If money was not a concern, I would not be doing what I currently spend most of my waking hours doing.
But most people would describe my job as an active choice. The decision-making process for someone doing onlyfans doesn't differ significantly, though the parameters will differ between individuals.

OnceUponAThread · 17/03/2021 12:35

God I really hate this: "if your partner tells you he doesn't, he must be lying and you are an idiot" trope.

And the 'cool girl': "there's nothing wrong with it, why are you so controlling idiocy" being spouted on here.

I am as certain as I can be that my boyfriend doesn't. For all the reasons I have already explained. But also mostly because I trust him. When I have asked him he has always been honest.

The first conversation we had was before we lived together. He said yes sometimes. And asked if I did. I said no, not anymore because trafficking / exploitation etc. He did some research and decided he wanted no part of it either.

A year or so after we moved in together I asked him out of curiosity. He said a couple of times when I'd been away on work trips. But that the exploitation stuff had bothered him, he'd not really enjoyed it because of that. And he wouldn't bother again.

And I believe him. Why would he lie? I wouldn't leave him if he did watch it. It's his own ethical choice to make.

But also I don't think he does because as I have outlined - we share an iPad. We go to bed at the same time. We have baths together as we have a big tub.

We do shower separately but fairly often I will wonder in to brush my teeth or have a chat. Even when he pees he leaves the door open (much to my annoyance).

I really, genuinely think that if he was watching it I would have accidentally walked in on him by now.
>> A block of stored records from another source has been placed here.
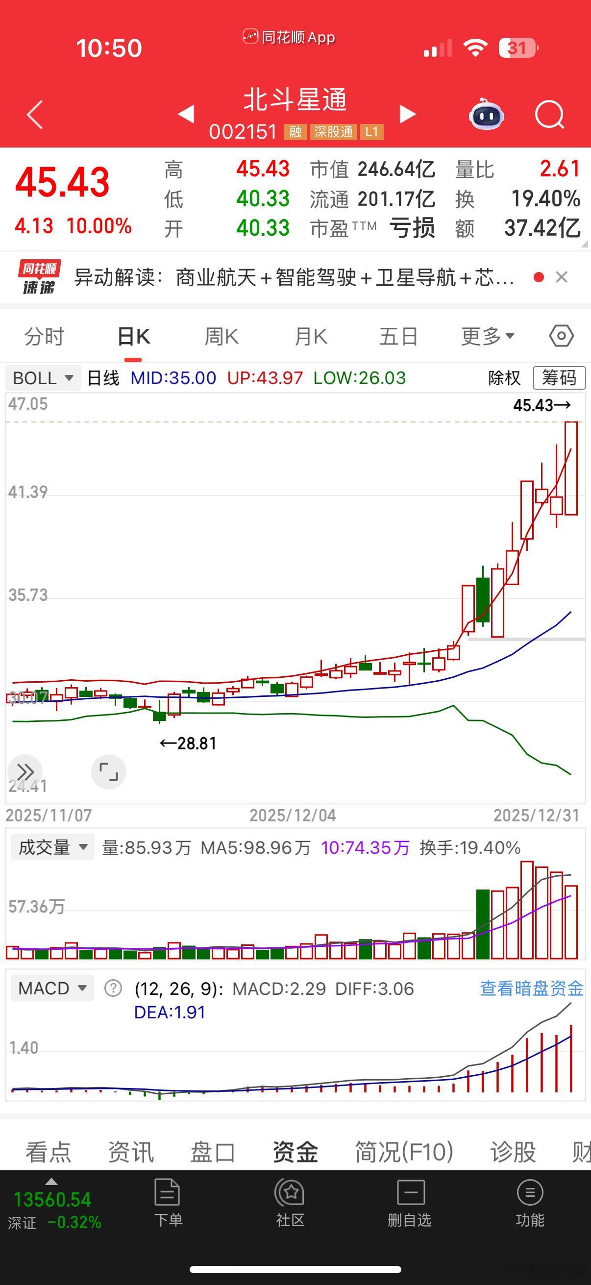$北斗星通 sz002151$ 反包涨停,年尾作业全部拿下,交成绩,成交量堆积,节后看高度了
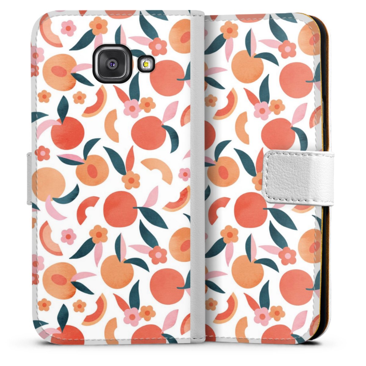 For our Sideflip Case we are using our advanced direct printing technology. The back and frontside are fully printabale, the inside of the phone bag is left unprinted. You can order the phone case without print, printed completely or also with a partial print.
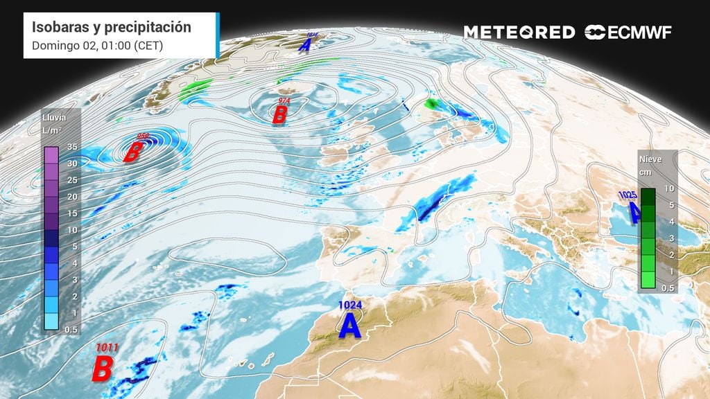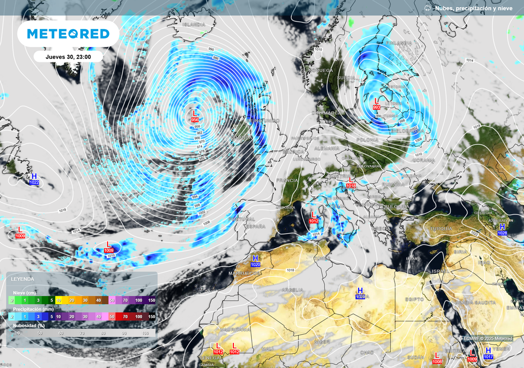De cara a las próximas jornadas, los modelos ya muestran el acercamiento de una nueva y profundísima borrasca procedente del Atlántico a nuestra geografía. En este caso, su centro se posicionará al este de las islas británicas pero los frentes asociados a ella dejarán episodios de lluvia en España.
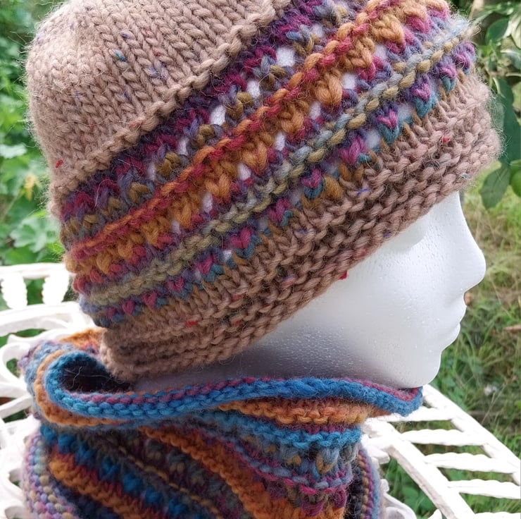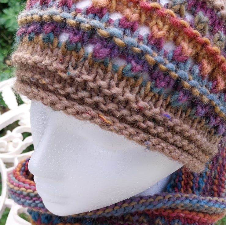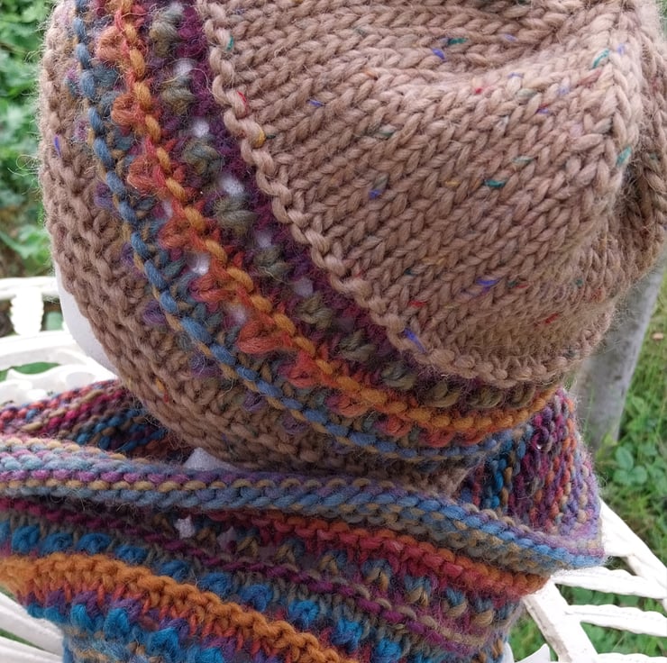 The set is made from a multicoloured 100% Wool and the plain colour contrast on the hat is a gorgeous, soft, chunky merino from Sublime.
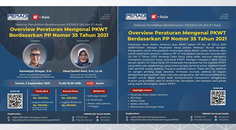 This webinar is recommended for advocates, in-house counsel, professionals in human resources, employers, and workers themselves to better understand the current legal arrangements regarding the rights, obligations, and limitations that can be included in PKWT.
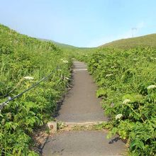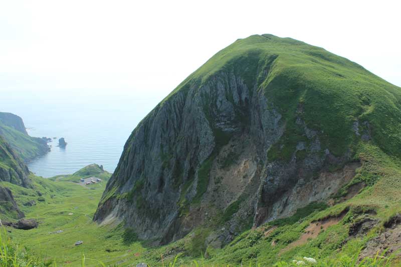 今回の旅行では、観光バスで桃岩展望台に行きましたが、行ったときにはガスが出たこともあり、香深から歩いて2回ほど登りました。往復でも一時間半あれば十分に行ってかえって来れます。危険な所や迷いそうな所は特になく、沿道にはセリ科の植物やレブンシオガマ、チシマフウロなど高山植物がたくさん咲いていました。
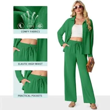 The shirt comes with a convenient **button-down** design and **long sleeves**, making it an excellent layering piece for various occasions. The **elastic high waist** pant ensures a comfortable fit while the **deep pockets** on both sides are practical enough to hold your essentials like your phone, wallet, and keys, all while keeping the outfit stylishly chic.

Also - to the person saying that we must be upset because of the wanking not the exploitation - what utter nonsense. I have absolutely no problem with my OH masturbating.

He is over 45, has ED and can't be bothered to take viagra for a wank, so he doesn't as much as he used to when he was younger. But he definitely does it sometimes.

I certainly do and far more regularly than him. I also often tell him when I have. So we have a VERY open relationship wrt to self-pleasure.

When I asked him just now what he uses instead of porn when he masturbates he said: "either my imagination, or naked photos of you". I guess the latter is sort of porn. Albeit of his girlfriend. I'm not sure it counts for the purposes of this discussion.